◆ **Brief**: Once you have read the data below, set it all down again exactly.

◆ **Data for analysis**:
*** Block opens ***

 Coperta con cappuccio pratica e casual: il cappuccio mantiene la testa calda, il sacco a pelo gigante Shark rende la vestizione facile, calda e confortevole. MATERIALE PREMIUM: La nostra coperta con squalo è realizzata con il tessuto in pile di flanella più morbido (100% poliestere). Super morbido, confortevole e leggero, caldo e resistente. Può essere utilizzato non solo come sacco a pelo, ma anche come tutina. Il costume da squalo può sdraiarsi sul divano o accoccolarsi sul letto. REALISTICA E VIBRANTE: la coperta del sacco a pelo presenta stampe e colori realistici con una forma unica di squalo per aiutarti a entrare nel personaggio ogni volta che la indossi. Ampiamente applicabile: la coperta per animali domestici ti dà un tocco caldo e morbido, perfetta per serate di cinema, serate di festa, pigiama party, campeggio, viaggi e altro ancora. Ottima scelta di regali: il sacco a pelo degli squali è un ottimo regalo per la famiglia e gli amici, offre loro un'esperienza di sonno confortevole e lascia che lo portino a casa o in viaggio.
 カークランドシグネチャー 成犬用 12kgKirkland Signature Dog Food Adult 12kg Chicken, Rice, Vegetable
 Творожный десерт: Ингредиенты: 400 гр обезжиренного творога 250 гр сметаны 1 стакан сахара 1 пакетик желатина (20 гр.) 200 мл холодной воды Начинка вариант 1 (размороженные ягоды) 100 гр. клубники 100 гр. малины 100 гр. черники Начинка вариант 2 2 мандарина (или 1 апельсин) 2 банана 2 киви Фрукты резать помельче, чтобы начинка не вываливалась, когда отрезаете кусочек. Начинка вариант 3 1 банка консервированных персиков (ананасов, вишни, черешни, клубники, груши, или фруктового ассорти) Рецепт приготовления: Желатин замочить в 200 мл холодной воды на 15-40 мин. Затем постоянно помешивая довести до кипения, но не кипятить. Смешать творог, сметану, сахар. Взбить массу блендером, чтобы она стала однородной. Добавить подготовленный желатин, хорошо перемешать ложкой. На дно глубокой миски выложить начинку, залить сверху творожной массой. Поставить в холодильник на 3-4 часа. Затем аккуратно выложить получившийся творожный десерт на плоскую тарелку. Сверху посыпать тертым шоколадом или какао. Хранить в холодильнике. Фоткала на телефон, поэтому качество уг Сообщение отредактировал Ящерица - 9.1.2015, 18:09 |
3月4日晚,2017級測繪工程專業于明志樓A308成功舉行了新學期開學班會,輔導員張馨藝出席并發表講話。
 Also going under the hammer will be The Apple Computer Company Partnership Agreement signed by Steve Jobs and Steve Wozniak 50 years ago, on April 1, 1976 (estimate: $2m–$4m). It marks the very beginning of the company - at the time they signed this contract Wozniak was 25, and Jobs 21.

*** Block closes ***

◆ **Written solution**:
 Coperta con cappuccio pratica e casual: il cappuccio mantiene la testa calda, il sacco a pelo gigante Shark rende la vestizione facile, calda e confortevole. MATERIALE PREMIUM: La nostra coperta con squalo è realizzata con il tessuto in pile di flanella più morbido (100% poliestere). Super morbido, confortevole e leggero, caldo e resistente. Può essere utilizzato non solo come sacco a pelo, ma anche come tutina. Il costume da squalo può sdraiarsi sul divano o accoccolarsi sul letto. REALISTICA E VIBRANTE: la coperta del sacco a pelo presenta stampe e colori realistici con una forma unica di squalo per aiutarti a entrare nel personaggio ogni volta che la indossi. Ampiamente applicabile: la coperta per animali domestici ti dà un tocco caldo e morbido, perfetta per serate di cinema, serate di festa, pigiama party, campeggio, viaggi e altro ancora. Ottima scelta di regali: il sacco a pelo degli squali è un ottimo regalo per la famiglia e gli amici, offre loro un'esperienza di sonno confortevole e lascia che lo portino a casa o in viaggio.
 カークランドシグネチャー 成犬用 12kgKirkland Signature Dog Food Adult 12kg Chicken, Rice, Vegetable
 Творожный десерт: Ингредиенты: 400 гр обезжиренного творога 250 гр сметаны 1 стакан сахара 1 пакетик желатина (20 гр.) 200 мл холодной воды Начинка вариант 1 (размороженные ягоды) 100 гр. клубники 100 гр. малины 100 гр. черники Начинка вариант 2 2 мандарина (или 1 апельсин) 2 банана 2 киви Фрукты резать помельче, чтобы начинка не вываливалась, когда отрезаете кусочек. Начинка вариант 3 1 банка консервированных персиков (ананасов, вишни, черешни, клубники, груши, или фруктового ассорти) Рецепт приготовления: Желатин замочить в 200 мл холодной воды на 15-40 мин. Затем постоянно помешивая довести до кипения, но не кипятить. Смешать творог, сметану, сахар. Взбить массу блендером, чтобы она стала однородной. Добавить подготовленный желатин, хорошо перемешать ложкой. На дно глубокой миски выложить начинку, залить сверху творожной массой. Поставить в холодильник на 3-4 часа. Затем аккуратно выложить получившийся творожный десерт на плоскую тарелку. Сверху посыпать тертым шоколадом или какао. Хранить в холодильнике. Фоткала на телефон, поэтому качество уг Сообщение отредактировал Ящерица - 9.1.2015, 18:09 |
3月4日晚,2017級測繪工程專業于明志樓A308成功舉行了新學期開學班會,輔導員張馨藝出席并發表講話。
 Also going under the hammer will be The Apple Computer Company Partnership Agreement signed by Steve Jobs and Steve Wozniak 50 years ago, on April 1, 1976 (estimate: $2m–$4m). It marks the very beginning of the company - at the time they signed this contract Wozniak was 25, and Jobs 21.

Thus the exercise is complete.